Majority Leader Bill Frist (search) refused on Sunday to criticize Vice President Dick Cheney (searchfor cursing on the floor of the Senate in a confrontation with a Democratic senator.

The Tennessee Republican indicated that Cheney's outburst at Sen. Patrick Leahy (search), D-Vt., can be attributed to political passions aroused by the election year. As vice president, Cheney acts as president of the Senate, although the majority leader has more authority over the body's operations.

On Tuesday, as Cheney and the senators gathered in the chamber for a photograph, Leahy struck up a conversation. Cheney challenged the senator about his frequent criticism of Halliburton Co., which Cheney formerly headed. In response, Leahy attacked the White House for not interceding when Leahy and other Democrats were portrayed as prejudiced against Roman Catholics for opposing one of President Bush's judicial nominees.

Cheney shot back an obscenity. He later confirmed to Fox News his use of the obscenity and said he felt better after saying it.

"It's a political season right now, where partisan feelings and emotions have come to the surface itself," Frist said when asked about the comment on a cable news show.

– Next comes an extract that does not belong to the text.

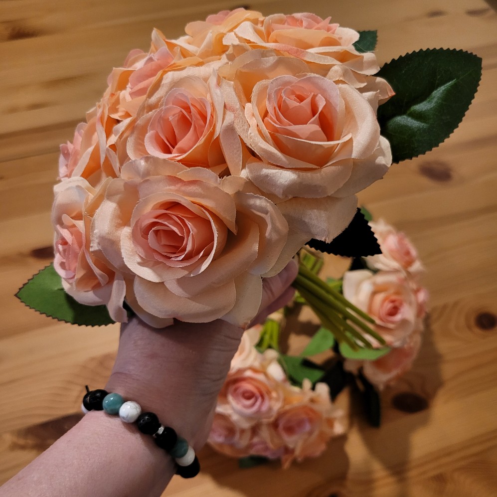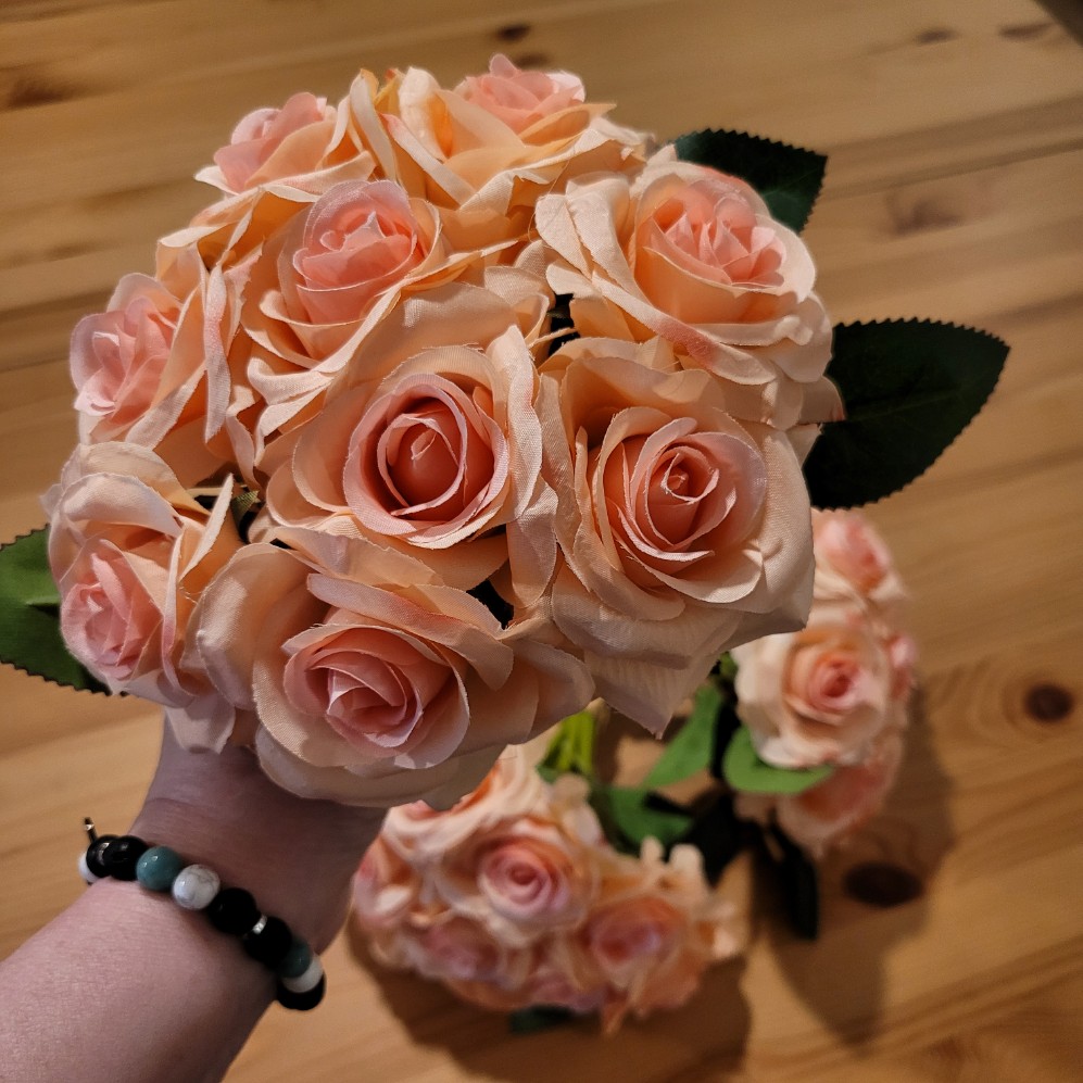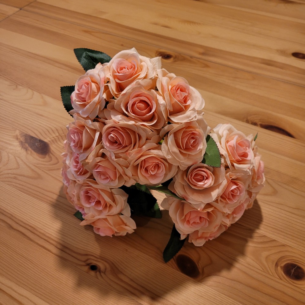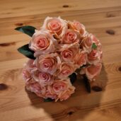 Růžiček v kytici je celkem 9, květní část má průměr 16 cm, délka celé kytice je 25 cm.

Despite that, he said, the Senate is doing its work well, avoiding gridlock that could result from a lineup of 51 Republicans, 48 Democrats and an independent. "We're delivering for the American people," Frist said.

"With regard to the vice president's comments, I did not hear the comments, did not witness the comments, but clearly they reflect a lot of that emotion," he said. "Without taking one side or the other, a lot of personal feelings are being expressed, and that emotion came out by the vice president, and I'll let the American people judge as to whether or not it was warranted."

Pressed whether he condones the use of such language in the Senate, Frist pointed out that the chamber was not in session at the time, "so I am not going to condone, I am not going to overly criticize the language that people in the -- the language that people use to express themselves."

On Saturday, White House spokesman Scott McClellan said President Bush had no problem with his vice president's language. "It's not an issue with the president," McClellan said.